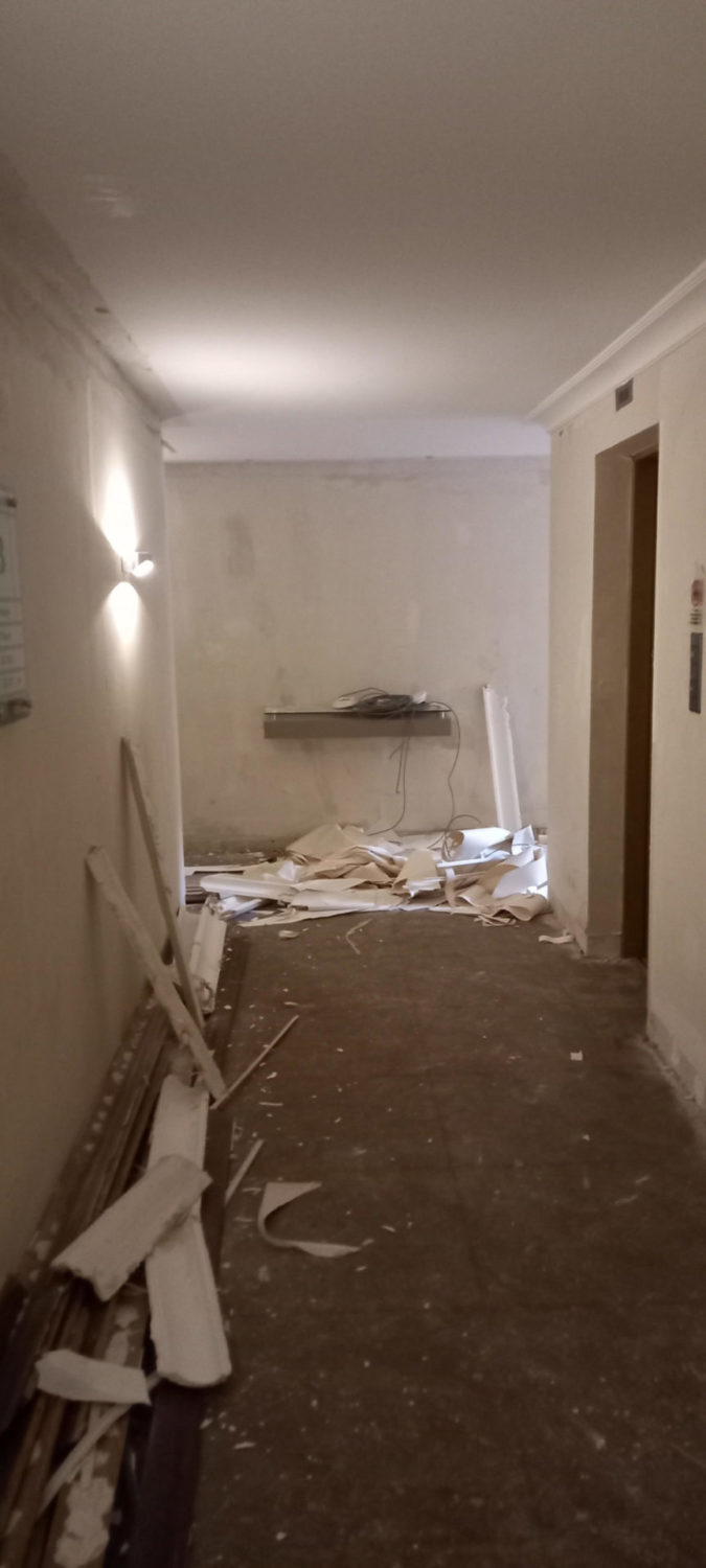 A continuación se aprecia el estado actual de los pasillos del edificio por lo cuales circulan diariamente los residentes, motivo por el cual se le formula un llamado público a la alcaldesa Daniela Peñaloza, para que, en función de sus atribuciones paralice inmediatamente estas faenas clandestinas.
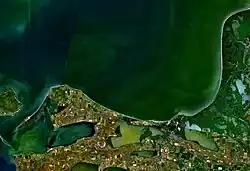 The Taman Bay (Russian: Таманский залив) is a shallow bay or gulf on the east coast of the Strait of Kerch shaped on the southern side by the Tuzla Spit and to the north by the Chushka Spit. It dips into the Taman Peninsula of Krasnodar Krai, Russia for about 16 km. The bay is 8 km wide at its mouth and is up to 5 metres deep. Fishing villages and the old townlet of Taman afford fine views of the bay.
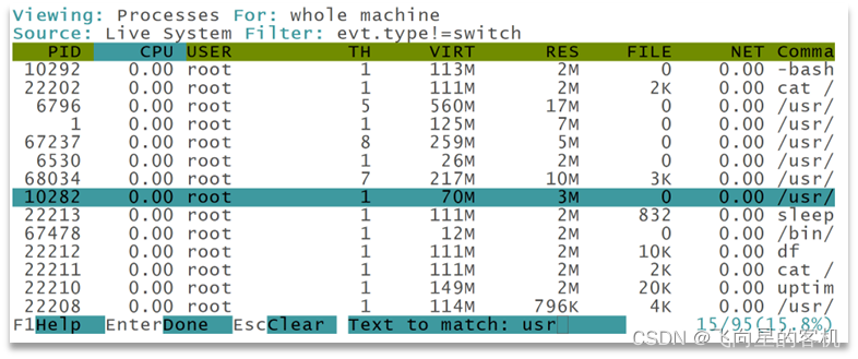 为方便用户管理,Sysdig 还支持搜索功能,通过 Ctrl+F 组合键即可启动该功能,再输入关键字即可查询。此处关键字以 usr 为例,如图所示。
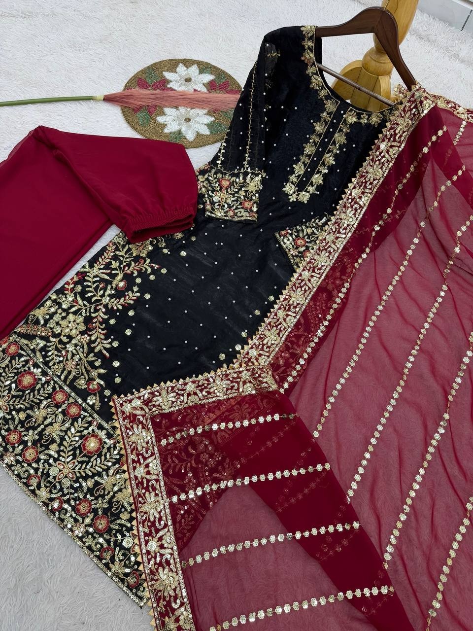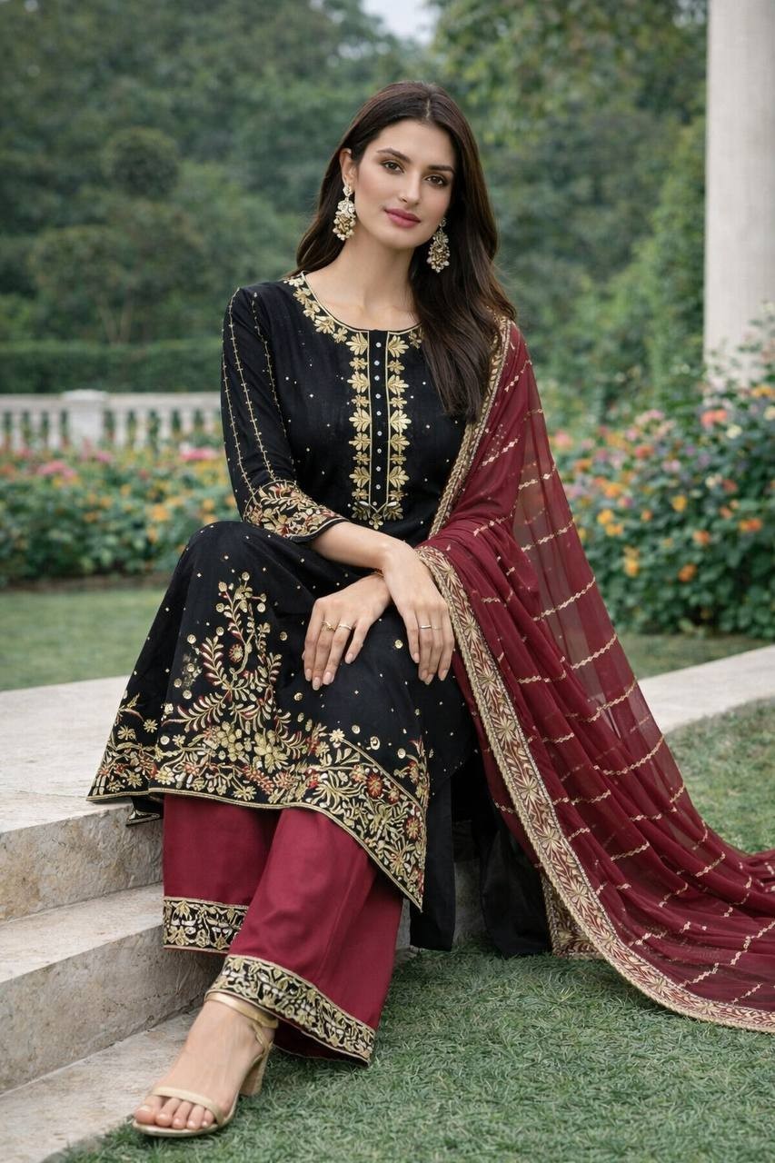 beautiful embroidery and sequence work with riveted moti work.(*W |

:::

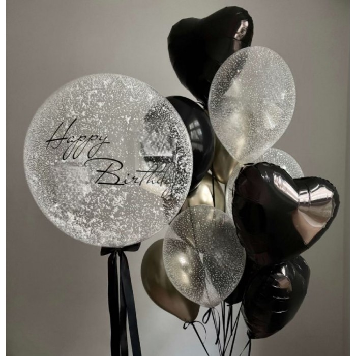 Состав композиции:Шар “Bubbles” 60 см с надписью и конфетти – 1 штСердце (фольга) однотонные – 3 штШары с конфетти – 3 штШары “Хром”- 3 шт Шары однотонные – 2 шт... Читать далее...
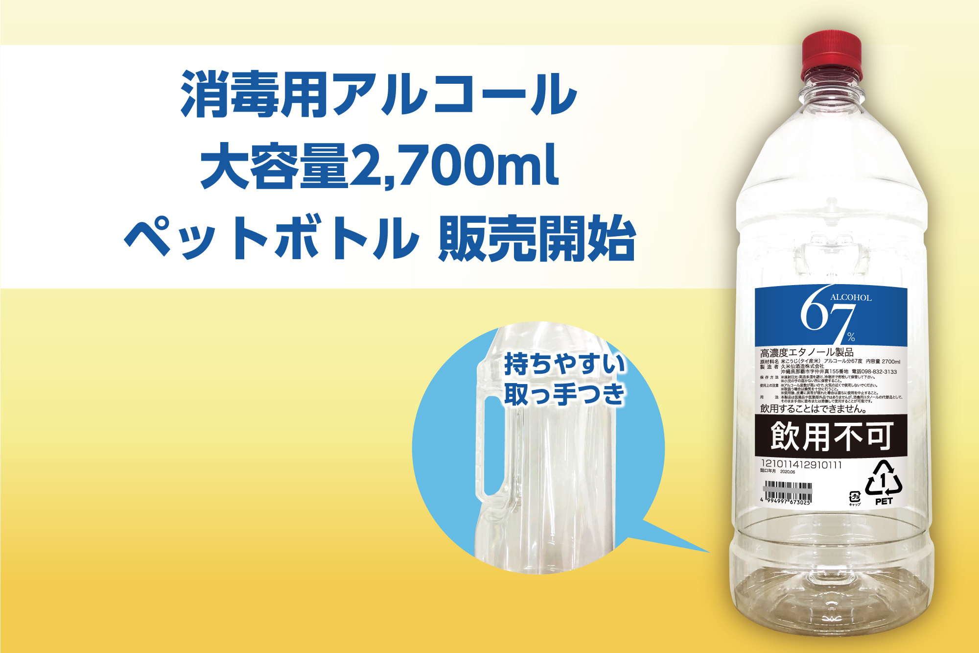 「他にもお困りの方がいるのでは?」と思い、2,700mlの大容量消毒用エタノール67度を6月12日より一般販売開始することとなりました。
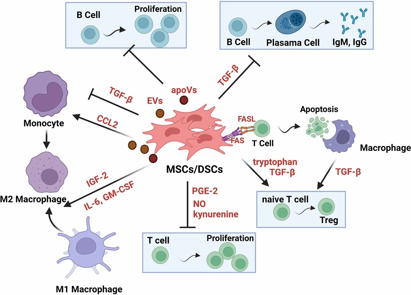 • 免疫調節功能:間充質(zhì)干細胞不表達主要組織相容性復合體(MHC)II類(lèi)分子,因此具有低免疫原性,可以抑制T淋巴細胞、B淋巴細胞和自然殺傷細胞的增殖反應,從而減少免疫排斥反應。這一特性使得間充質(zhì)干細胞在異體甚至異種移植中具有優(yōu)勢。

:::

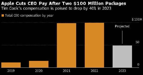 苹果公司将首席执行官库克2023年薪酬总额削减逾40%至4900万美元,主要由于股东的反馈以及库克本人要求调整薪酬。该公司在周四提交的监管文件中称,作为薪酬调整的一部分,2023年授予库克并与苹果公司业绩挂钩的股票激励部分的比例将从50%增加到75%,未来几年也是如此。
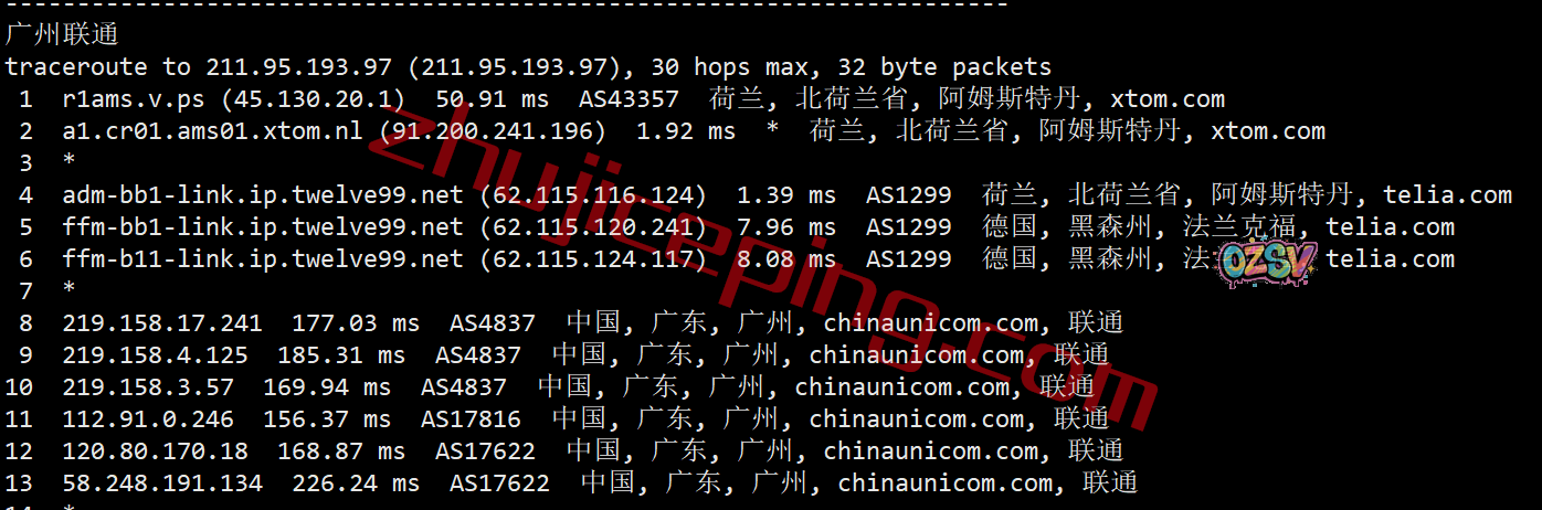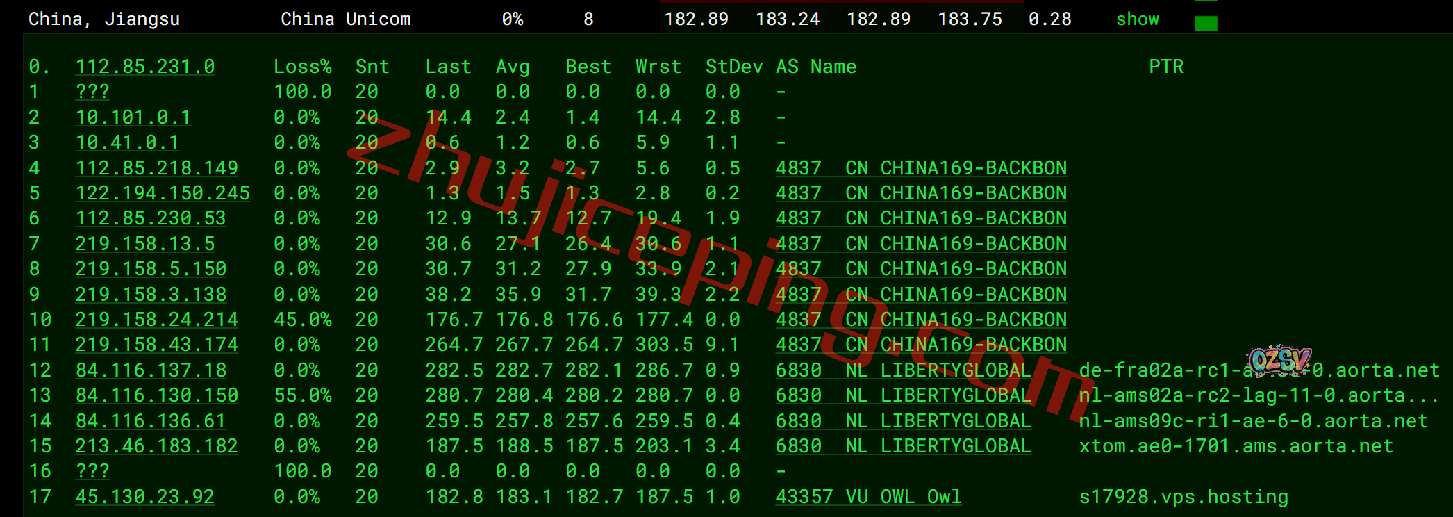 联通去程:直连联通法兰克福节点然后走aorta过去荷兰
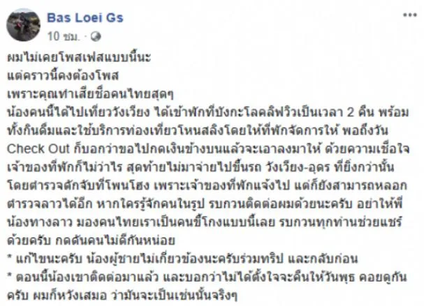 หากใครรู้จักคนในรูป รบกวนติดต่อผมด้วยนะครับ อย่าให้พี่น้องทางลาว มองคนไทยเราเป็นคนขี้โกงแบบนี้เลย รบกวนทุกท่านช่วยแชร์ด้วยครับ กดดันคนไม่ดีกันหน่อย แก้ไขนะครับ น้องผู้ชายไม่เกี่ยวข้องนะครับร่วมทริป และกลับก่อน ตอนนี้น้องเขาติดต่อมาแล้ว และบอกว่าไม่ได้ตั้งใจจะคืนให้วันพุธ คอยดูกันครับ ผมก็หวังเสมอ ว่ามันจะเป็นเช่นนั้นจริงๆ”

:::

In the listing above, find the line containing "A continuación se" and the line containing "beautiful embroidery and". Print those two lines and every line between them exactly, with no pictures.

 A continuación se aprecia el estado actual de los pasillos del edificio por lo cuales circulan diariamente los residentes, motivo por el cual se le formula un llamado público a la alcaldesa Daniela Peñaloza, para que, en función de sus atribuciones paralice inmediatamente estas faenas clandestinas.
 The Taman Bay (Russian: Таманский залив) is a shallow bay or gulf on the east coast of the Strait of Kerch shaped on the southern side by the Tuzla Spit and to the north by the Chushka Spit. It dips into the Taman Peninsula of Krasnodar Krai, Russia for about 16 km. The bay is 8 km wide at its mouth and is up to 5 metres deep. Fishing villages and the old townlet of Taman afford fine views of the bay.
 为方便用户管理,Sysdig 还支持搜索功能,通过 Ctrl+F 组合键即可启动该功能,再输入关键字即可查询。此处关键字以 usr 为例,如图所示。
 beautiful embroidery and sequence work with riveted moti work.(*W |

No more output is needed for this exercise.